By Denise Tessier
Here at ABQjournalWatch.com we try to point out instances where opinion has crept into headlines and news page stories.
I submit opinion — especially industry opinion — has become ingrained in the fabric of other sections of newspapers as well. Long before the U.S. Supreme Court decision that corporations are “persons” entitled to free speech, newspapers, including the Albuquerque Journal, began a pattern of readily giving industry a voice in specially labeled sections.
Although it’s on a local, rather than global corporate level, the Sunday Journal’s Real Estate section, for example, doesn’t take a hard-hitting look at the real estate industry, but serves as a showcase for builders, realtors, home tours and the like. Any rare attempt at viewing the industry with a critical eye is left to the news and business pages.
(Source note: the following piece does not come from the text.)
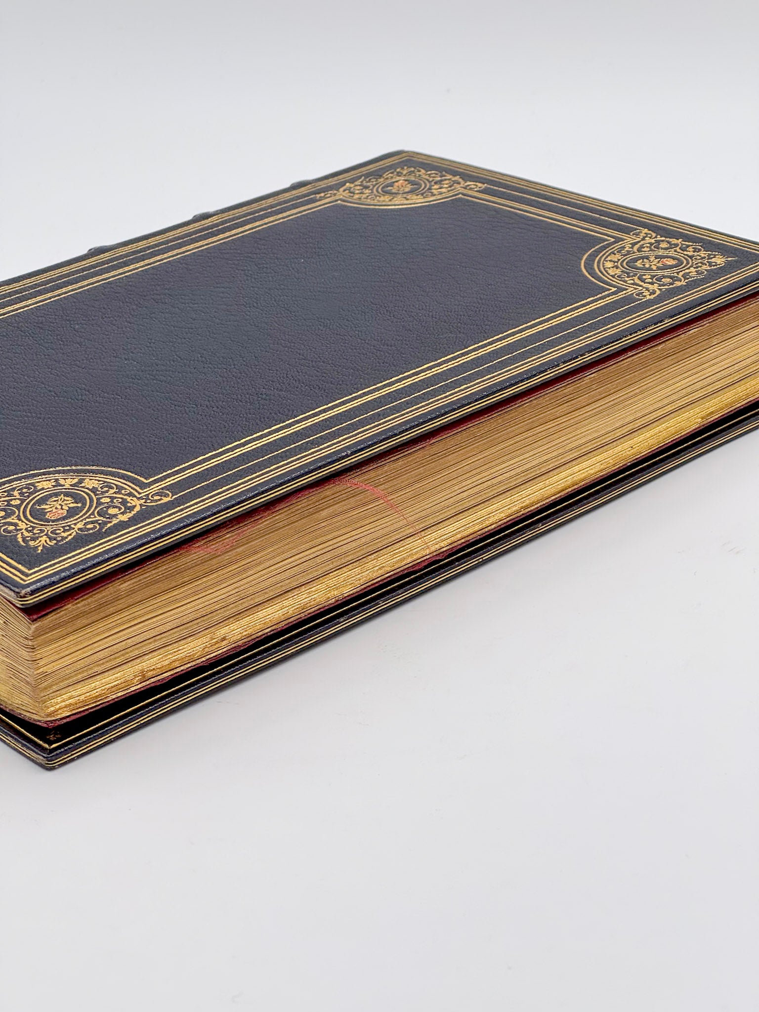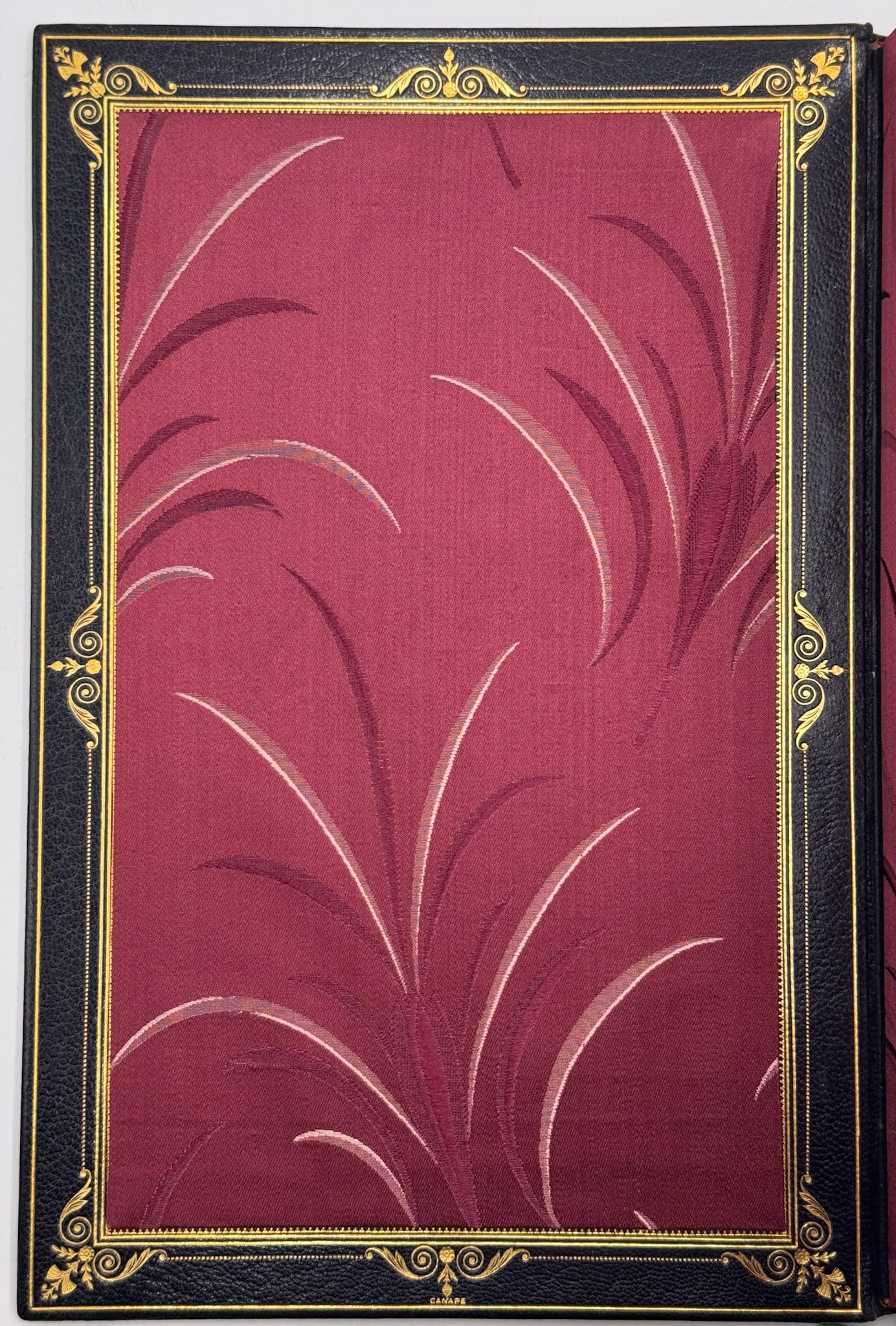 4to (268 × 183 mm). (1) f., IV, 327 pp. Full midnight-blue morocco, central triple gilt frame on each cover with floral corner tools surrounding a double oval enclosing a mosaicked rose, outer triple gilt border, spine richly gilt with repeated mosaicked rose motif, gilt lettering and date, gilt edges, double gilt fillet to board edges, doublures of bordeaux tabis embroidered with reed motifs; original wrappers and backstrip preserved. Binding by Canape.

Readers probably don’t expect the Food section that appears in Wednesday’s Journal to be hard-hitting at all, and likely are satisfied when it’s simply informative. The Journal’s Food section can be that, and it’s at its best when it boasts staff or locally written copy. An example of such a page (Feb. 3) included a staff report by Matt Andazola on menus appropriate for wedding receptions, plus the local Farmers’ Markets column by Denise Miller, who offers advice on when to buy seasonal fruits and vegetables and how to prepare them.
A story by former Albuquerque Journal sports writer Russ Parsons, now a food writer with the Los Angeles Times, anchors this week’s page, giving it a quasi-local quality (and a clever headline – “The Romaine Empire” – on the superiority of crunchy romaine lettuce).
Those in the know have come to accept that many of the stories on food pages originate with press releases from corporations and food associations that want to encourage the use of their appliances or food products. The stories that result oftentimes are essentially free advertisements, and many readers take these product introductions with a grain of salt, if you’ll excuse the phrase.
Yet, sometimes it’s hard to swallow the industry take that insidiously settles in among the recipes or tips for using the latest kitchen gadget.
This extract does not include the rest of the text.